Gunclje (/sl/; Gunzle) is a settlement in central Slovenia, immediately northwest of the capital Ljubljana. It belongs to the Šentvid District of the City Municipality of Ljubljana. It is part of the traditional region of Upper Carniola and is now included with the rest of the municipality in the Central Slovenia Statistical Region.

==Name==
Gunclje was first attested in written sources in 1430 as Güntzleinsdorff, and later as zu Güntzlach in 1438 and Künczlach in 1455 (both based on the Slovene locative plural) and Güntzla (in 1449), among other spellings. The name Gunclje is derived from the Slavic personal name *Guncelj (derived in turn from Old High German Gunzelîn, a diminutive of Gunzo), and likely refers to an early inhabitant of the place.

==History==
Gunclje was annexed by Šentvid in 1961, ending its existence as a separate settlement.
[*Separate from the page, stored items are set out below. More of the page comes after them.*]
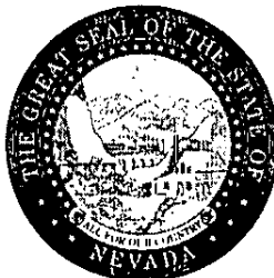
DEAN HELLER Secretary of State

Electronic Certificate Certificate Number: C20061030-2185 You may verify this electronic certificate online at http://secretaryofstate.biz/
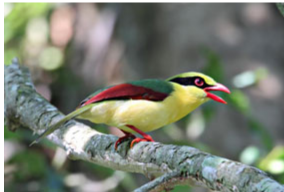
Indochinese Green Magpie

An early morning visit to Deo Suoi Lanh to look for other exciting possibilities that could include Blue Pitta, Indochinese Green Magpie, Spotted Forktail and Green Cochoa, before continuing along Highway 20 to the cooler climes of Dalat. In the afternoon make the first of several visits to the Ta Nung Valley, a small but bird-filled area of remnant evergreen forest 10 km from Dalat. This is the most accessible site for the rare and endemic Grey-crowned Crocias and Orange-breasted Laughingthrush. In addition the very distinct local subspecies of Blue-winged Siva, Black-headed Sibia and Black-throated Sunbird are common here. Overnight at Dalat.
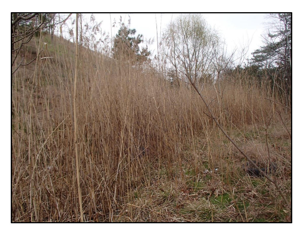
Wetland 1T – PSS
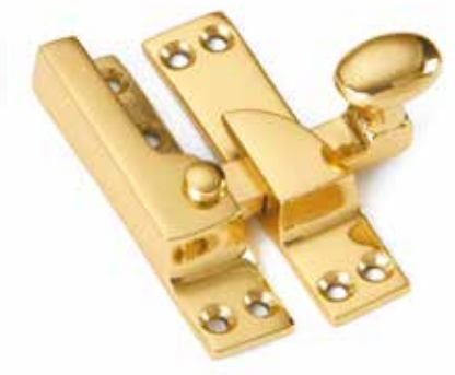
Straight Arm Sash Fastener - Narrow

1762A 67mm suitable for narrow sashes, 17mm wide body
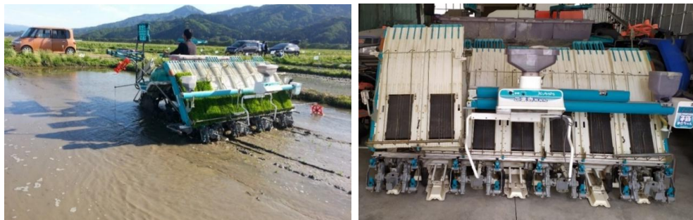
Figure 1. Self-propelled (Kubota NSU-87) transplanter

The self-propelled rice transplanter equips with a Seedling Feed Stopper, Float, Planting Fingers, and Side marker to ensure precise and efficient transplanting. It is capable of planting seedlings at a consistent depth, which is essential for uniform growth and maturity. In addition to its precision planting capabilities, the transplanter is designed for efficiency, allowing farmers to quickly transplant large areas of paddies. It has a 30 cm row spacing and 2.4 m width (Figure 1).
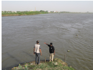
Confluence of the Nile
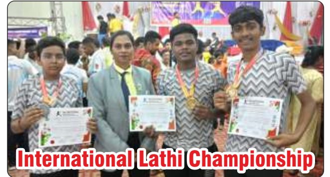
International Lathi Championship
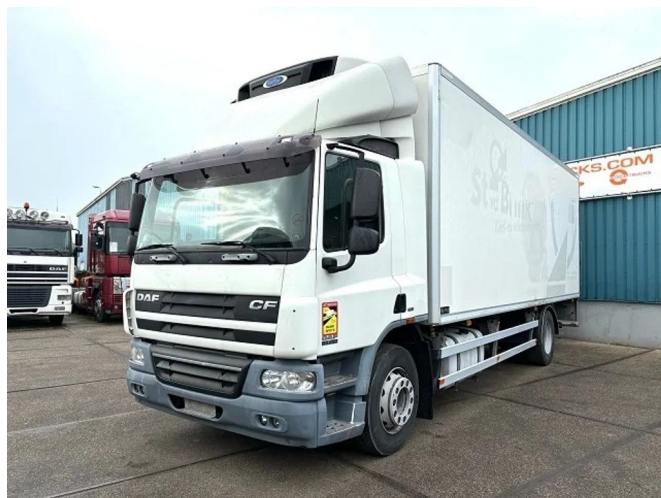
DAF CF 65.250 COOLING TRUCK WITH CARRIER D/E... 4x2
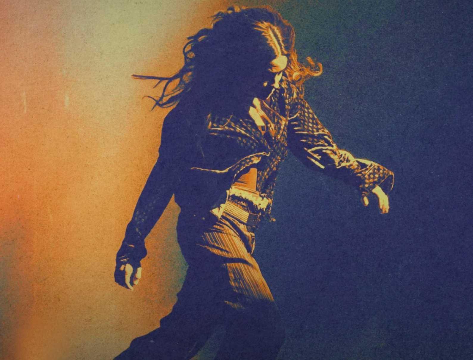
Alanis Morissette headlines at Powderham Castle along with Lewis Capaldi for an open air spectacular in June

Ensemble Augelletti are a BBC New Generation Baroque Ensemble (2023-25) and City Music Foundation Artists (2024-26). They perform regularly on BBC Radio 3's In Tune and Early Music and in arts festivals across the UK including York, London, Brighton, Beverley Early Music festivals.
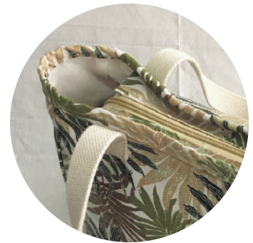
Suma Bisban IDR. 47,700
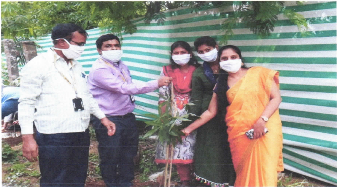
The Staff participated in Haritha Haram
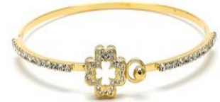
GOLD LAYERED 07.97.0037 INDIVIDUAL BANGLE, WITH WHITE AND WHITE MICRO PAVE AND WHITE CUBIC ZIRCONIA, POLISHED FINISH, GOLD TONE (2 MM THICKNESS, SIZE 3 - 2.00 INCHES DIAMETER)
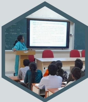
ICT enabled Classrooms
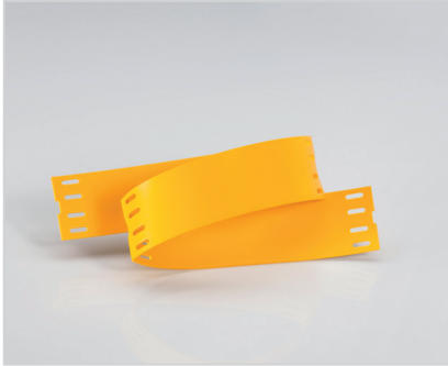
PPQ+19060 profile for printing in Partex MK10
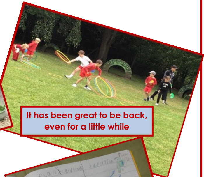
It has been great to be back, even for a little while
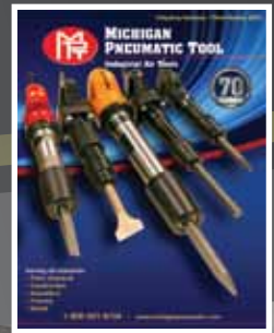
Chipping Hammer & Rivet Busters
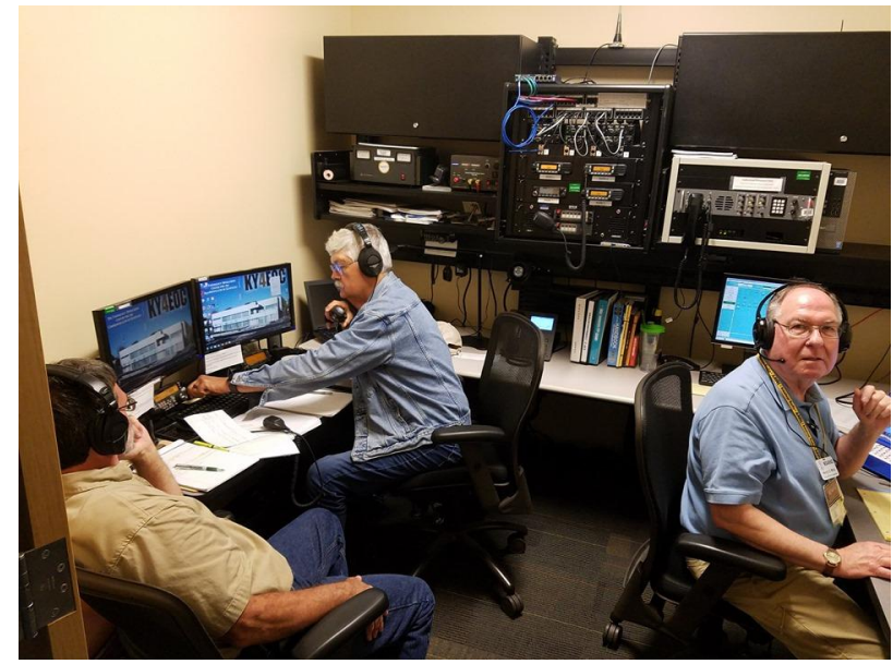
Figure 1 Frankfort KY4EOC CREW

If the exercise takes place in the future, there are many aspects of the exercise that never developed. It is hopeful that this may be developed in the future. It was my intent to only use the digital modes, such as DMR, Fusion and DStar for logistical and coordination use for the exercise. What happened during the exercise, all of normal operating channels
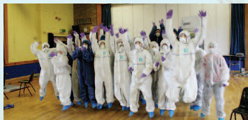
CSI Team Conclusion
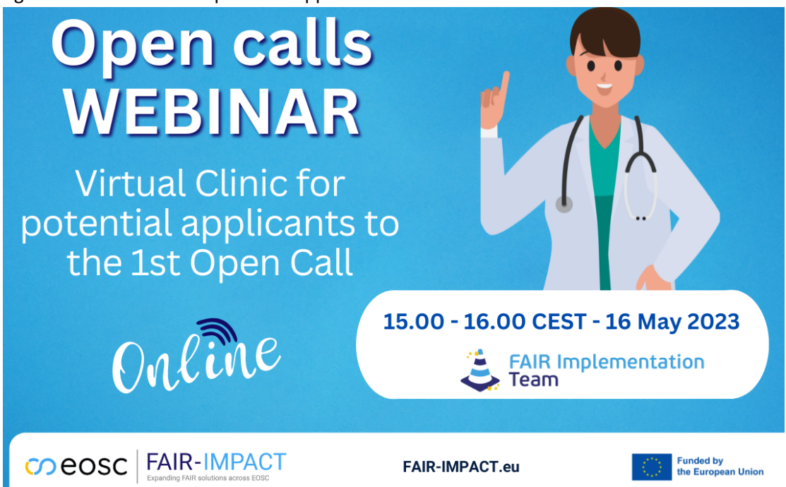
Figure 4. Virtual clinic for potential applicants

Evaluation and selection of successful applicants will be carried out during June and applicants will be informed of the outcome in early July. The support action workshops will kick off in mid September and run to December 2023. The second open call for financial support will be opened at the end of January 2024.
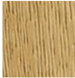
300 Vallem Oak
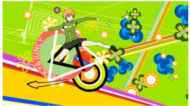
Chie in the new intro

can't make everyone love you. Be who you are. The more truthful you are to yourself- even if someone doesn't like you, they'll respect you."
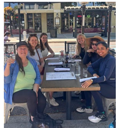
At our MAY INTEREST GROUP MEET-UPS , members enjoyed a hike and happy hour treats at Eureka! in Mountain View and the next weekend had brunch and took a market stroll at State Street Market in Los Altos.
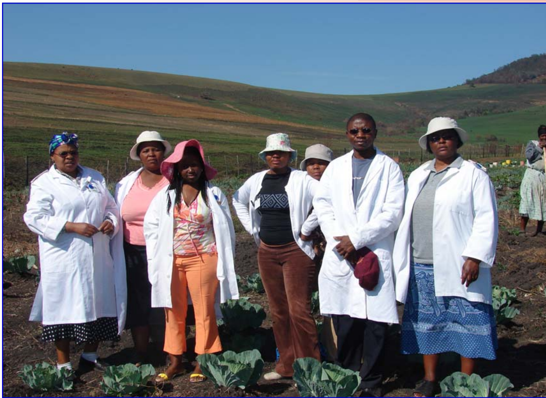
THIS IS A GROUP OF 2ND YEAR STUDENTS.

In 1974, Šentvid, together with Gunclje, was annexed by Ljubljana.

==Cultural heritage==
The village core of Gunclje, extending from the chapel-shrine in the center of the village to a crucifix shrine at the edge of the woods, has been registered as cultural heritage. The village core preserves the character as a linear settlement (a village lying almost entirely along a single road) with perpendicularly placed houses and farm buildings aligned with them.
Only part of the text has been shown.